Cost optimization is part of AWS’s well-architected framework. When we think about cost optimization, we usually only consider computing resources, while there are significant optimizations that can go beyond that – storage optimization, network, etc.
Below is a combination of the six sections that appear in the e-books with some comments –
Optimize the cost of information infrastructure – the main point in this section is to use Graviton instances where applicable.
Decouple storage data from compute data – 5 suggestions here which are pretty standard –
- Compress data when applicable, and use optimal data structures for your task.
- Consider data temperature when choosing data store and storage class – use the suitable s3 storage class and manage it using a life-cycle policy.
- Use low-cost compute resources, such as Spot Instances, when applicable – I have some dissonance here since I’m not sure that spot instances are attractive those days (see here), specifically with the overhead of taking care of preempted instances.
- Deploy compute close to data to reduce data transfer costs – trivial.
- Use Amazon S3 Select and Amazon S3 Glacier Select to reduce data retrieval – Amazon S3 Select has several limitations (see here), so I’m not sure it is worth the effort and better query via Athena.
Plan and provision capacity for predictable workload usage
- Choosing the right instance type based on workload pattern and growth – is common sense.
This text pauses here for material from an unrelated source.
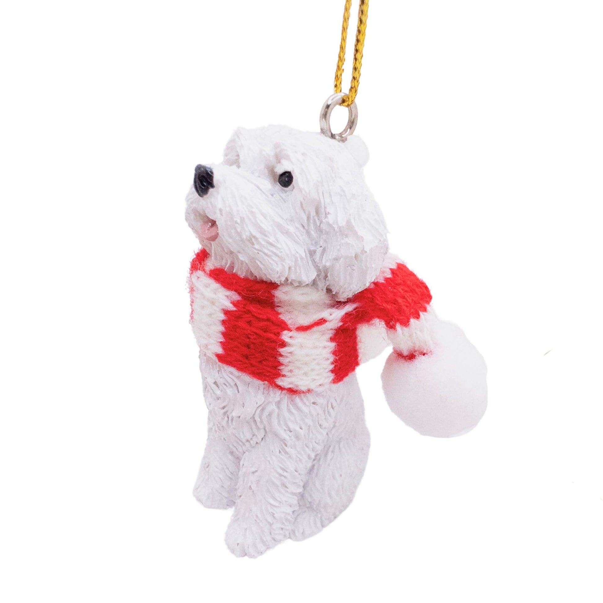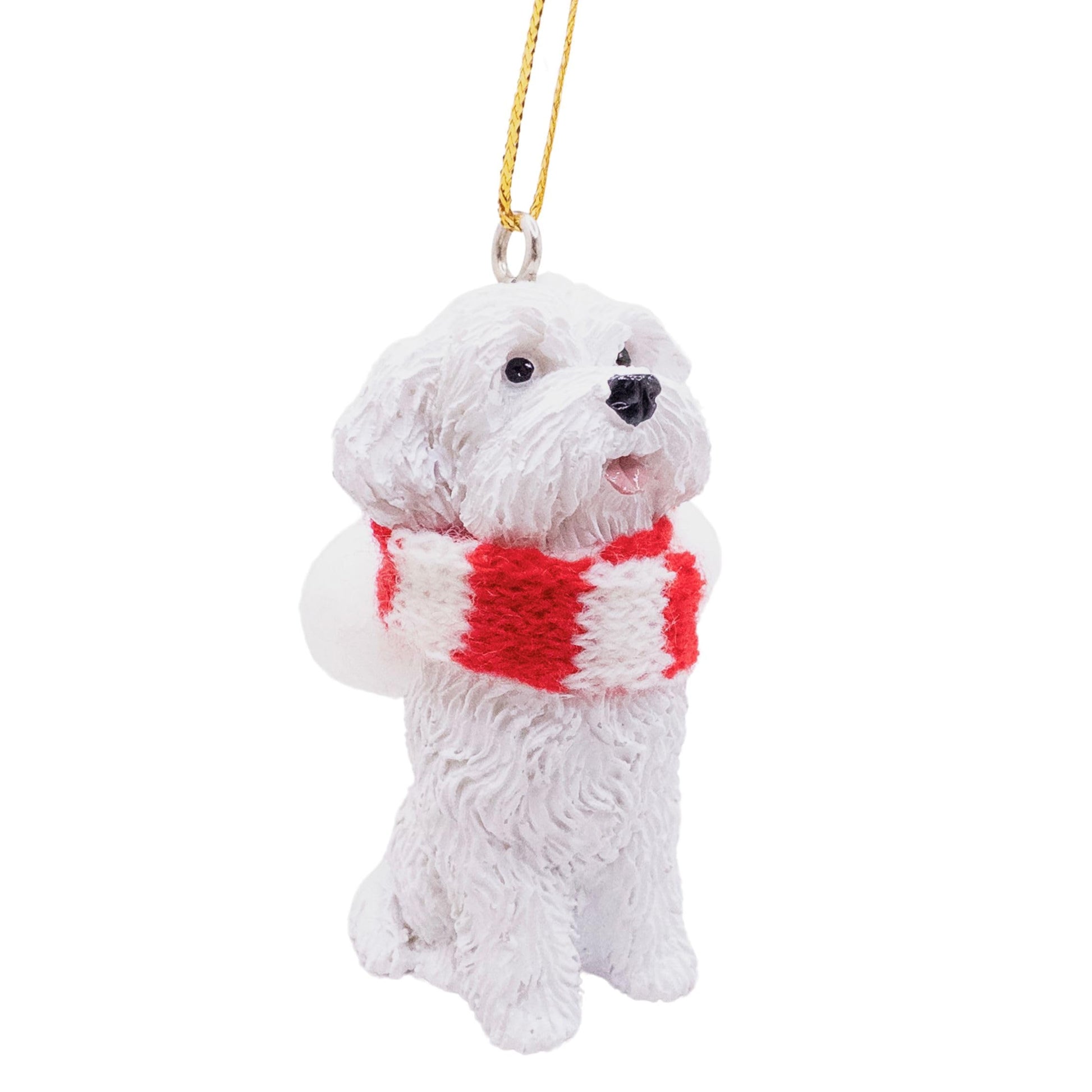 Maltese Dog Lover Christmas Tree Ornament with Candy Cane Scarf

You’ll save a little less if you purchase convertible reserve instances. However, in a fast-changing startup environment, there is a higher chance the commitment won’t be underutilized.
- Deploying rightsizing based on average or medium workload usage – this contradicts best practices described in Cloud FinOps book, so I’m a bit hesitant here.
- Using automatic scaling capabilities to meet peak demand – is the most relevant advice in this section. Use auto-scaling groups or similar to accommodate for both performance and cost.
Access capacity on demand for unpredictable workloads
- Use Amazon Athena for ad hoc SQL workloads – as mentioned above, I prefer Athena over AWS S3 Select.
- Use AWS Glue instead of Amazon EMR for infrequent ETL jobs – I don’t have a strong opinion here, but if you have a data strategy in mind, I will try to adjust to it. Additionally, I feel that other AWS can be even easier and cost-effective to work with—for example, Apache Spark in Amazon Athena, step functions, etc.
- Use on-demand resources for transient workloads or short-term development and testing needs – having said that, you should still keep an eye on your production services, ensure they are utilized correctly and rightsize them if needed.
Avoid data duplication with a centralized storage layer
Implement a central storage layer to share data among tenants – I would shorten it to saying, “have a data strategy” – where you are, where you want to go, etc., which is not trivial in early startup days.
Leverage up to $100,000 in AWS Activate credits
This might be a bit contracting to the rest of the document since it feels like free money and delays your concern about cloud costs.